Collectors returned to Japan after World War II. On the remote southern island of Yakushima, John Creech, collecting jointly for the National Arboretum and Longwood Gardens in Kennett Square, Pa., found a species of crape myrtle named Lagerstroemia fauriei. This small tree had beautiful plant architecture, striking cinnamon bark and a resistance to powdery mildew. Hybridizer Donald Egolf used it to create a series of varieties in widespread use. The most common, almost to the point of ubiquity, is the Natchez cultivar.

I called the late Egolf’s successor at the federal Agricultural Research Service, Margaret Pooler, and asked her to show me what Japanese plants she was using in her breeding programs. At the National Arboretum in Northeast Washington, she led me into an unheated greenhouse where cherry trees had been coaxed into early bloom. Growing in large pots, their branches were covered in large, bell-like blossoms of the deepest magenta.

Since the current cherry breeding program began in the 1980s, she has introduced two varieties and is about to release a third. All three are the cherry tree versions of “American Idol” winners: Hundreds of competitors have been dropped along the way. It can take 20 years between making a cross and introducing a plant to the nursery trade.

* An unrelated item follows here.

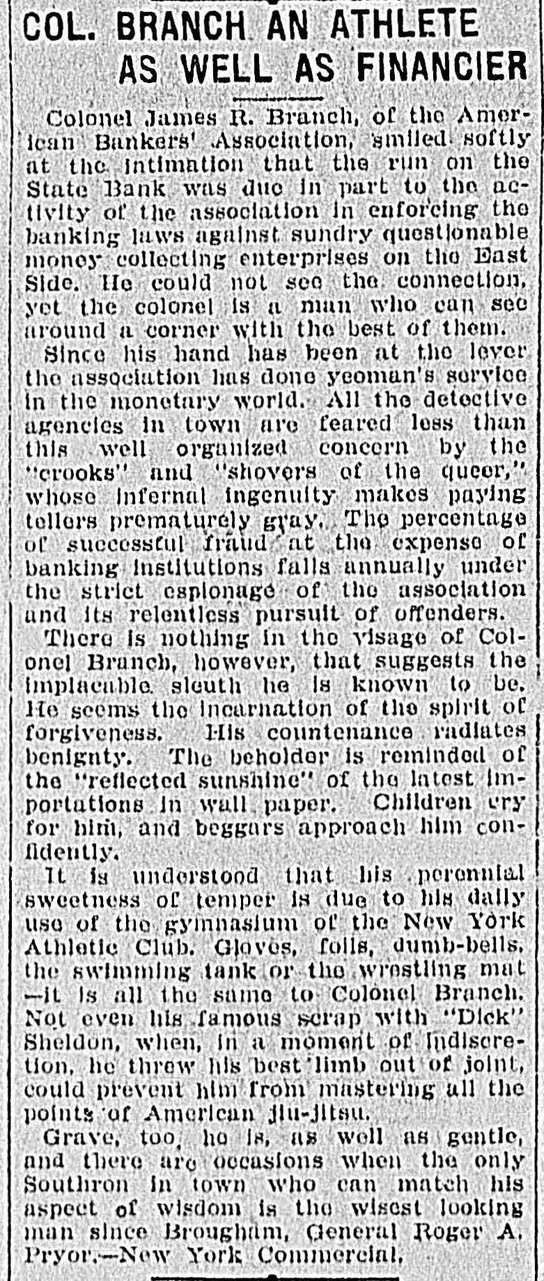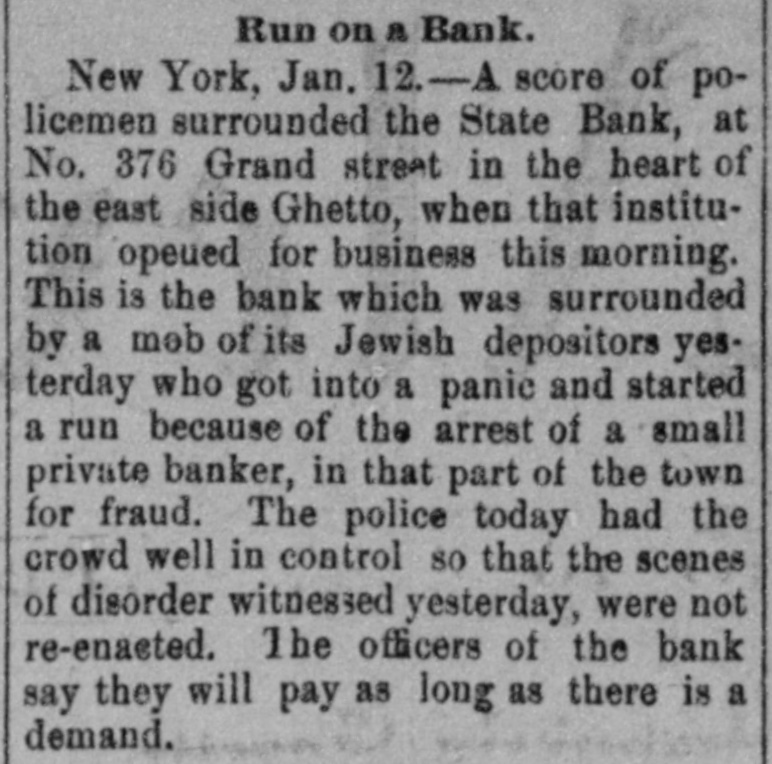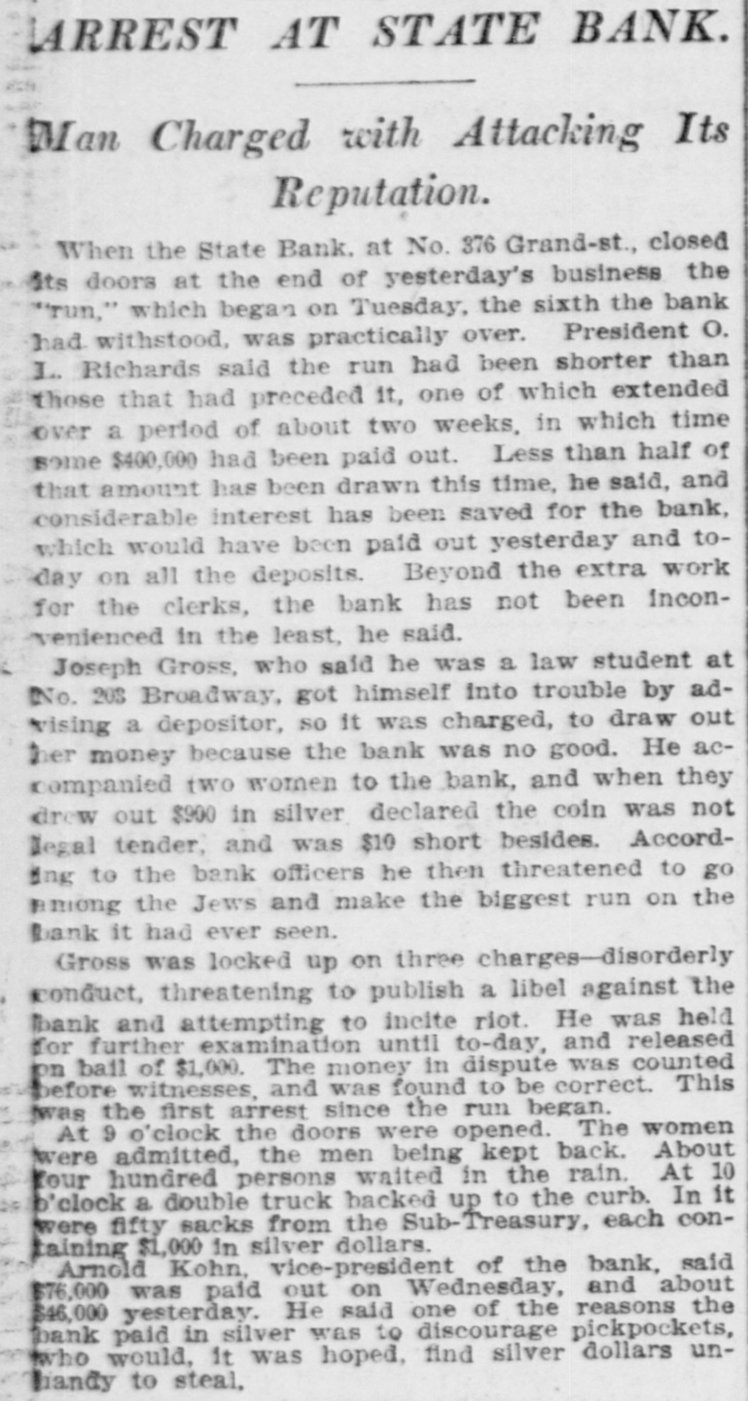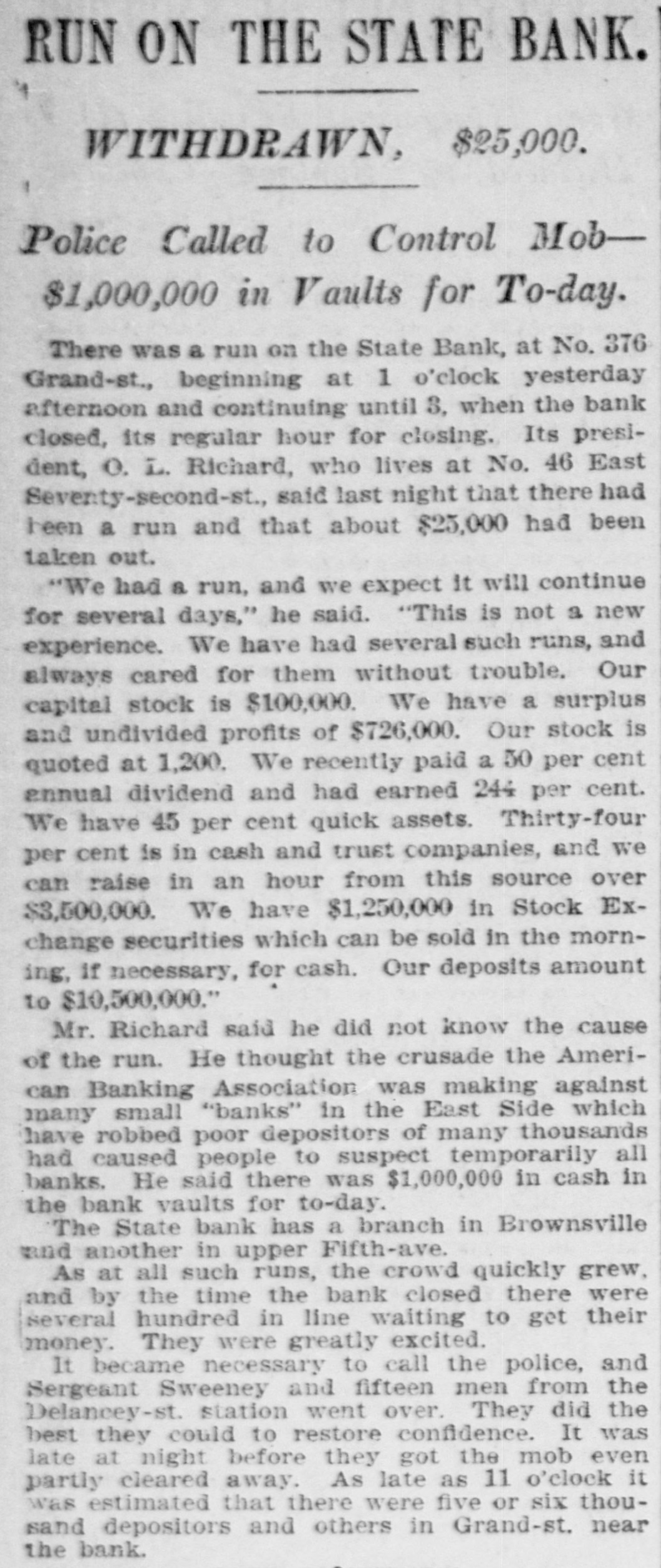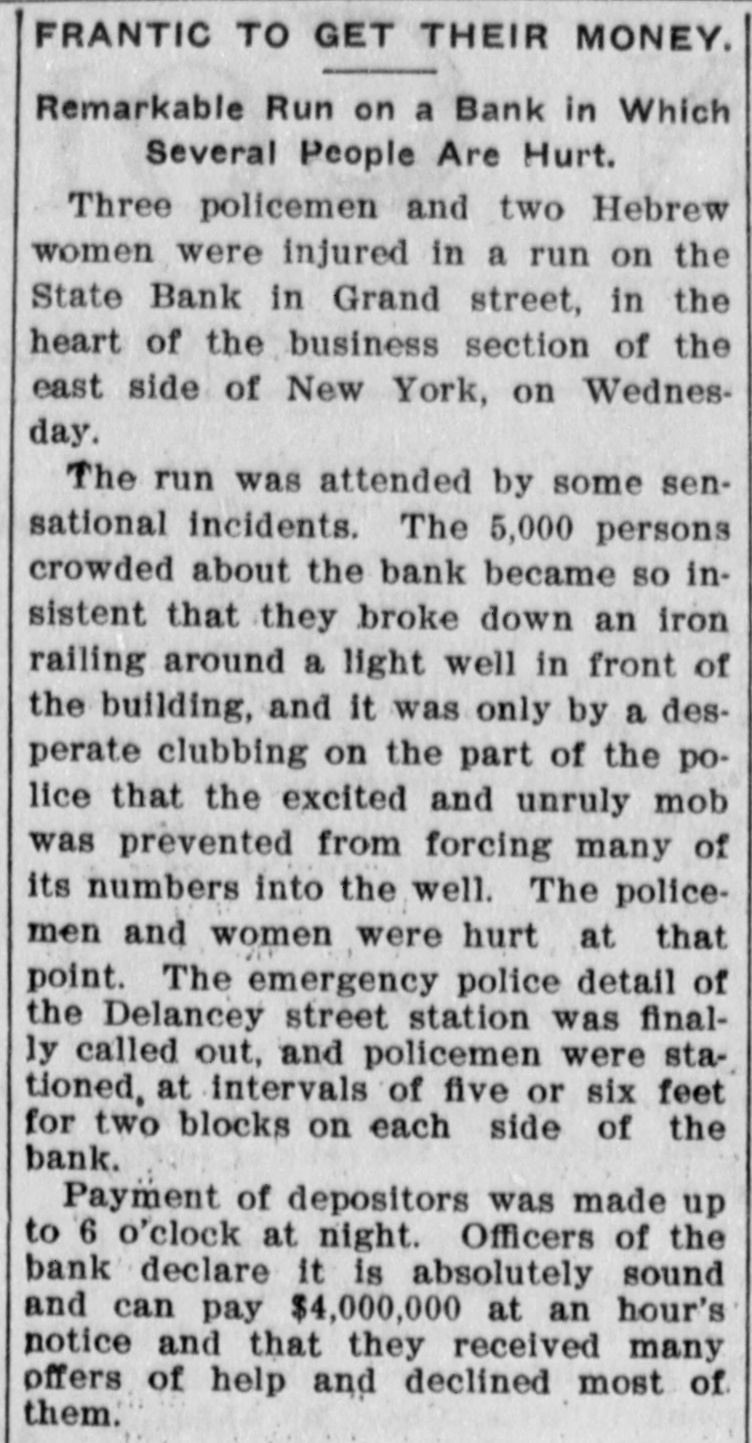 PROSPERITY STARTS BANK RUN POLICE CLUBS CLEAR SCARED HEBREWS OUT OF GRAND ST. They Saw a Crowd Depositing its Money at the State Bank and Imagined the Bank in Trouble-Thousends There After It Closed, Blocking Traffic. Because several hundreds of Hebrew depositors were seen going into the savings bank department of the State Bank in Grand street yesterday and coming out with their bankbooks a rumor started that the bank was in trouble and a run on it began, which ended after the bank had closed and the sweatshops had sent their workers home, in almost a riot. The fact that the crowd about the bank whose presence started the rumor had gone there to put money in in time to get interest on it for the present quarter, and not to take it out didn't matter at all to the scared depositors. After the bank closed the two lone cops sent there on special duty were swept off their feet. They telephoned for help to the Eldridge street station and Sergt. Sweeney had to rush thirty-five reserves there. It was neces: sary for the police to draw their clubs to clear the street. This was at 6 o'clock last night. Traffle on Grand street was paralyzed, and only with the greatest difficulty did the policemen clear space enough to permit the Grand street cars to pass. It was estimated by the police that at 9 o'clock last night there were 15,000 people around the bank. Sam Cohen, the janitor, tried hard to convince them that the bank was all right but the crowd seemed to consider him anything but their friend. He finally put up a sign in Yiddish in the front window notifying them that the bank had lots of money, was in no danger of going to smash and that any depositor could have his money by bringing his book to the bank this morning. Yet at I o'clock this morning there were still several hundred persons in front of the place. Deposits made in the bank on or before Jan. 10 draw interest as from Jan. 1. Yesterday being the last day of grace there was all day a steady stream of men and women, nearly all of them typical Russian Jews. going in and out of the bank to get their dep. sits in. A little after noon the crowd grew so large as to have the appearance of a run on the bank, and on that basis somebody started the rumor that this was what it was. A train of powder is asbestos compared with a rumor of this kind on the East Side concerning a bank in which any number of the people around have deposits. The rumor about the State Bank did not seam to spread in the ordinary way. It was like an explosion from spontaneous combustion spread through many blooks. The tenements were emptied and the streets filled with wild eyed Hebrews, all chattering and gesticulating and all headed for the State Bank The quiet crowd clready assembled there to make deposits did not at first know what the invasion meant. When the rumor about the bank being in trouble was touched off among the wouldbe depositors there was another explosion. The chattering, creaming and gesticulating increased tenfold. Two extra policemen were sent for, and they had their hands full buffeting back the waves of half crazed people who tried to force their way into the bank to get their money out. Those who bad come to deposit remained to withdraw. and it was the paying teller's turn to be busy. "We had something like this in the Spansh war." said Arnold Kohn. vice-president and manager of the bank, as he looked with an amused smile at the eagar upurned faces in the street at closing ime before the thing grew so serious. It was started by a rumor as absurd this. It WITH reported among the eonte around here that the Govern-

What is Pooler looking for? Cherry trees that are disease-resistant, happy in poor soil, novel in size and flower color, and easy for nurseries to grow.

Around the Tidal Basin, Joe Krakora and I see perfection. Pooler sees possibilities. She has 20 cherry species and 400 hybrids growing at the arboretum, all ready to lend their genes to breeding programs that will continue for decades to come. Such is the bounty of Japan.

“I’m building on the work of Don Egolf, and people are going to be building on the work I did,” she said.

If Asa Gray were to return today, he would see in virtually every garden a reunion of his plants long separated but now together again, generating that joyful space beyond the space.

“We have Chinese plants and European plants,” said Forrest, of the New York Botanical Garden, “but if you subtracted any geographic source, none would be so missed by American gardeners as Japanese plants.”